(DATA BELOW)

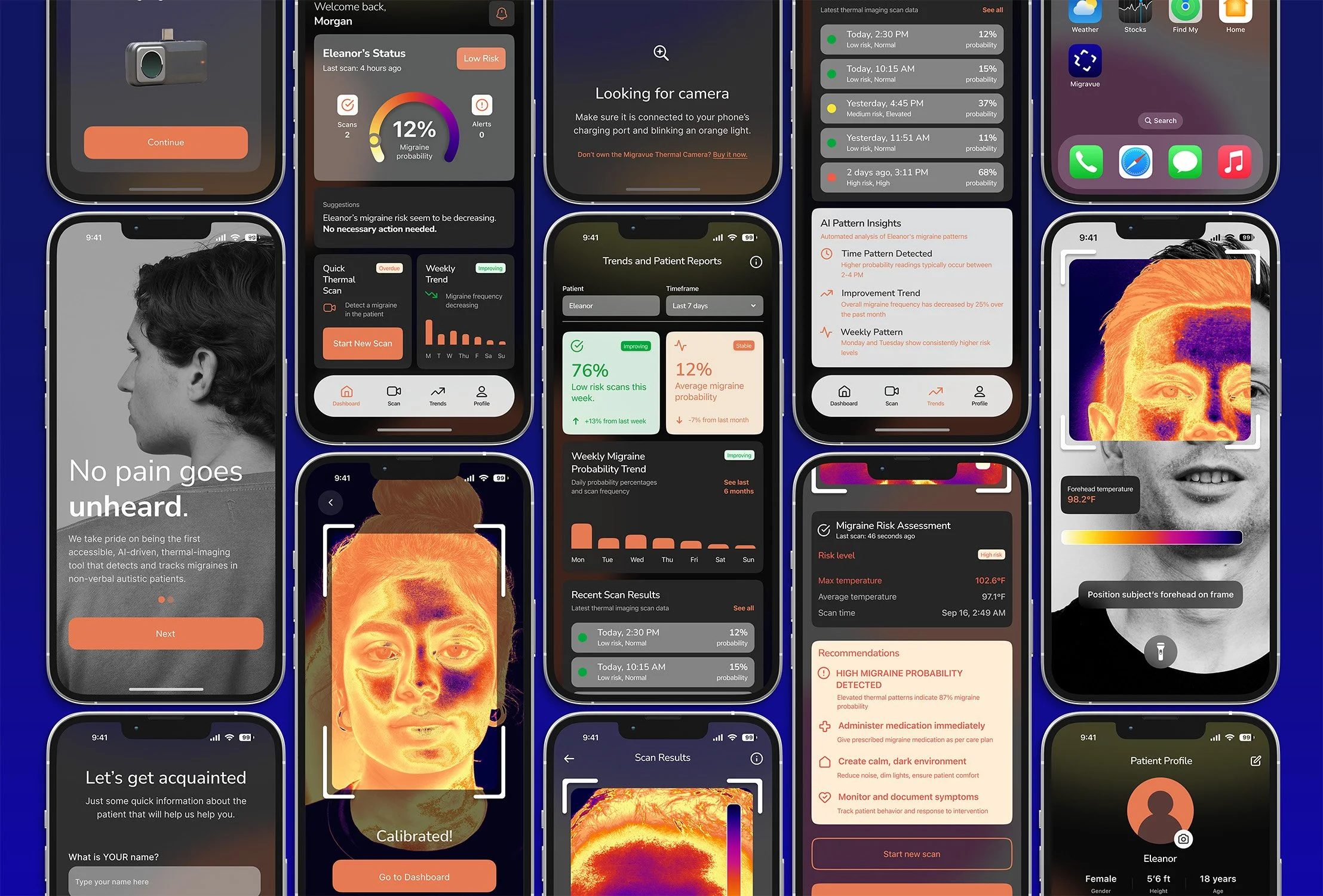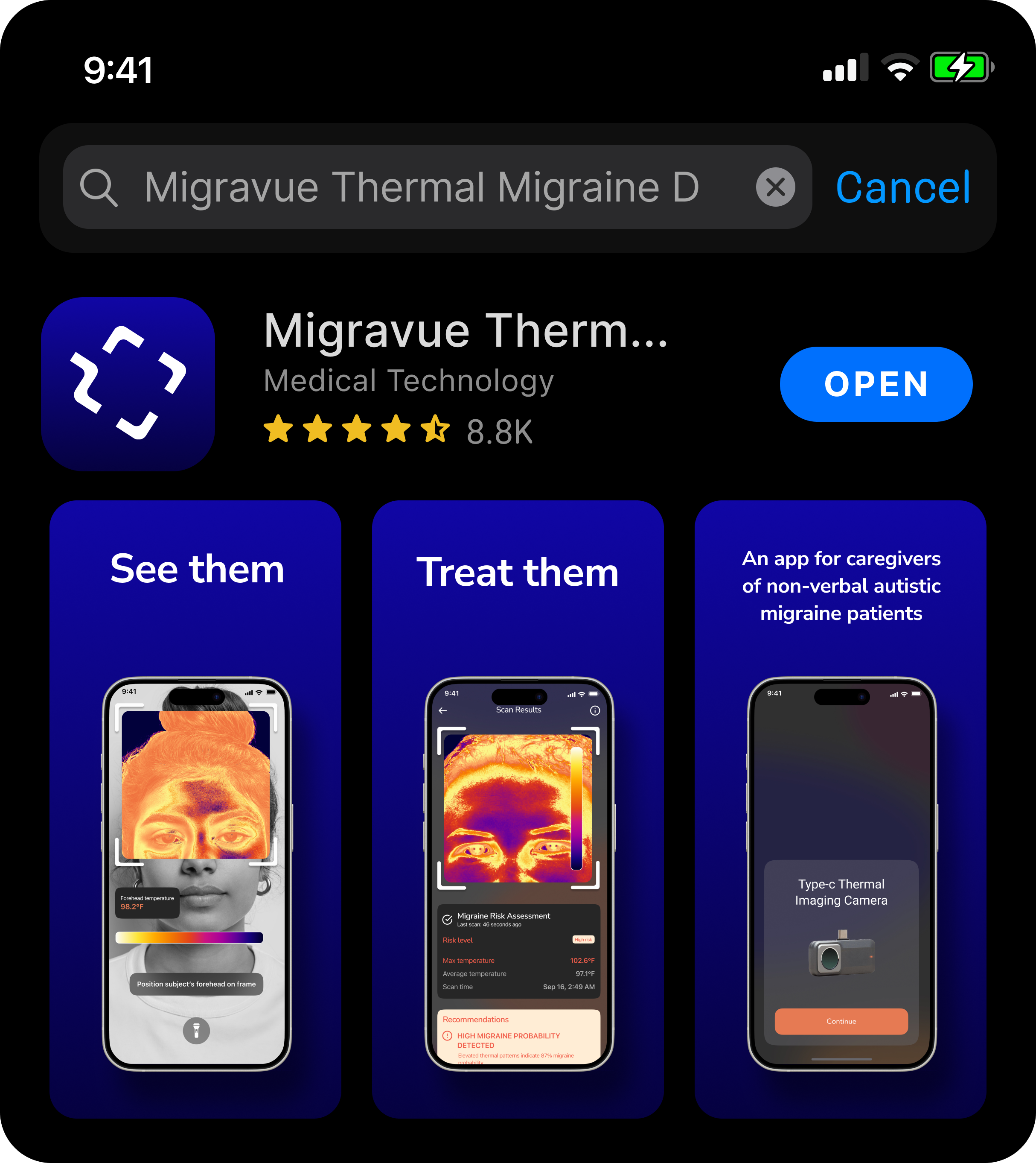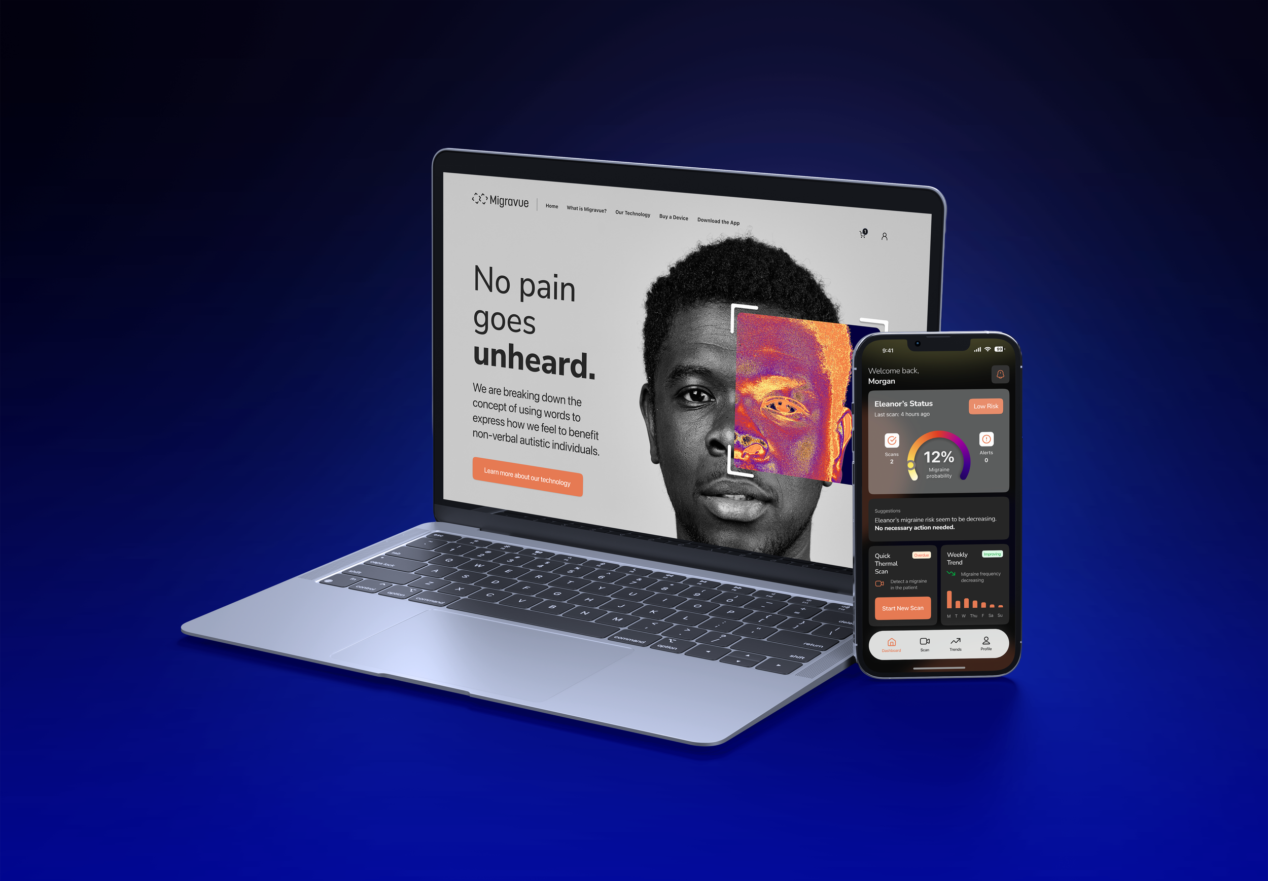 Migravue is a migraine-measurement app that uses thermal imaging to detect heat patterns on the surface of the head associated with migraine activity. The app provides an objective way to identify and locate pain in non-verbal autistic individuals, allowing caregivers and medical professionals to recognize symptoms earlier and make informed treatment decisions for patients whose pain is often unnoticed.
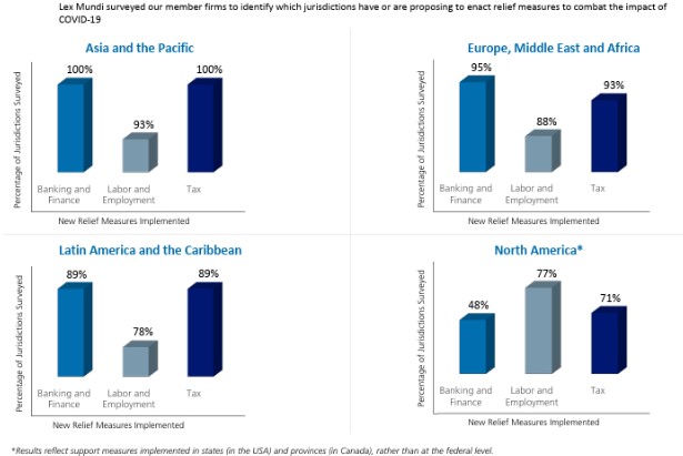 As governmental authorities formulate and roll-out new support measures intended to throw companies a lifeline, Lex Mundi has called upon its full-service member firms to provide a snapshot of the policies implemented and announced in 104 jurisdictions.
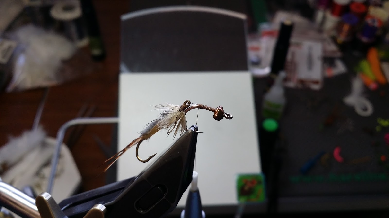 SBS Hise's Nympho-minnow-ac Variation- Virtual Nymph Nymph Skin, Daiichi Hooks, Hareline Barred Ostrich Plumes and various SotherFeathers and Flymen Nymph Head Evolution Beadheads

(End DATA BELOW)

WHAT THIS TASK INVOLVES:
The response is the full listing, copied exactly, with the pictures omitted.

TASK RESULT:
 Migravue is a migraine-measurement app that uses thermal imaging to detect heat patterns on the surface of the head associated with migraine activity. The app provides an objective way to identify and locate pain in non-verbal autistic individuals, allowing caregivers and medical professionals to recognize symptoms earlier and make informed treatment decisions for patients whose pain is often unnoticed.
 As governmental authorities formulate and roll-out new support measures intended to throw companies a lifeline, Lex Mundi has called upon its full-service member firms to provide a snapshot of the policies implemented and announced in 104 jurisdictions.
 SBS Hise's Nympho-minnow-ac Variation- Virtual Nymph Nymph Skin, Daiichi Hooks, Hareline Barred Ostrich Plumes and various SotherFeathers and Flymen Nymph Head Evolution Beadheads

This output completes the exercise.